Now time for Barberpox. She's looking especially co-op tonight. Oh yeah - I forgot. It's stunt instrument week. Didgeridoo. She must be longing for Burning Man. You know, she is so talented, bu I just can't care about what she sings. Her "Come Together" suffers (see lesson #1), as I recently purchased an Ike & Tina album by the same name, and Tina SLAYS the song. Here is a video of Tina & her girls to show you what I mean:
(Also, there is no such thing as sexier backup dancers. They don't exist. I don't care what your mom told you.)
T'Urban, that little cheeky, toothy monkey. "All My Loving" is very nearly a lesson #2. It all feels very talent show to me (next time, do it with a hacky-sack). Why oh why won't he Megan Joy-it tonight? The closest he came was matting his hair down a little bit for a weak-sauce Beatles mop-top facsimile. Not cutting it T'Urban! Next.
Oooh! Casey James is up. My fave. What I have to say about Casey James' performance of some Lennon song I don't know can be summed up by this visual equation:
(Didn't you know that this is even more perfect on account of that doll's name is Li'l Stinker? It is! And it is!)
You know what? I think that Casey James might be a "cheesedick."
Oh Siobhan, you lovely little artsy weirdo minx, you! "Across The Universe." I have some dark and light associations with this song, Jells. Dark = that horrible Beatles-flavored movie that Puddinteeth forced me to watch one night. Eesh. Light = Rufus Wainright's gorgeous version of this song.
(Bonus! Little Dakota Fanning in the video. Damnit! I can't believe I still haven't seen The Runaways. That is some bullshit I'm calling on myself right here.)
I think Siobhan's voice sounded sort of strange. But her outfit is insane enough to amuse.
("You sounded great, honey, but you LOOK like a crinoline cake pedestal!")
Oooooh da-lolly! Hangdog closes the night! (OK BIG UPS to Bowersox for making a Hangdog / Fauxkey = Gokey babies comment. I sort of love her now. I even spelled her name properly.)
Closing out the night with "Hey Jude" is so boring and obvious and anthemic. But you know what isn't obvious: a bagpipe player. He totally telegraphed the stunt too - he got too excited and opened his eyes and mouth really wide. I could tell because I do the same damn thing every single time I make a pun. (I got no ... joker face! Yeah, I just did it there. Alone at home, no less.)
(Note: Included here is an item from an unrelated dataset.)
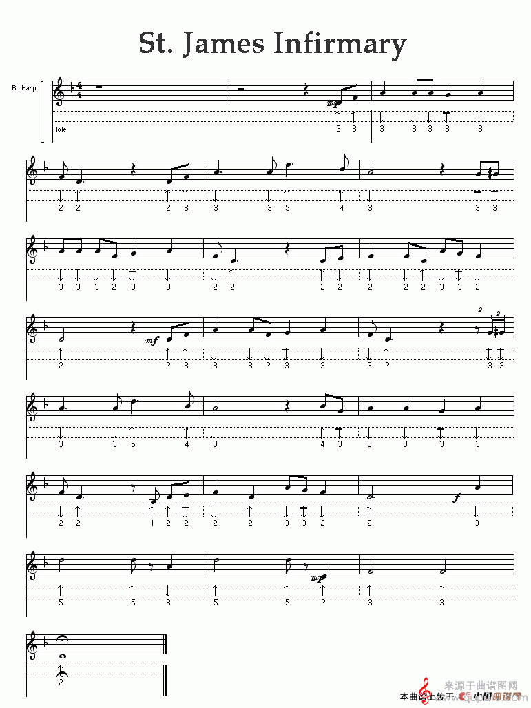 曲谱图网为您提供St.James Infirmary(口琴曲谱)找谱子,就上曲谱图网。

You totally pegged it - he never should have gained any confidence. Now he is pure cornball. But I love it. I love him. I am rooting for Cornball Juggalo Hangdog Dewyze to take it all. He won't, but he is just BLOSSOMING in front of us.
So we know that no one got kicked off amidst all of this Beatlemania. Glambert is the mentor this week. And two go home. Finally some drama. Let's get rid of some of these jokerz!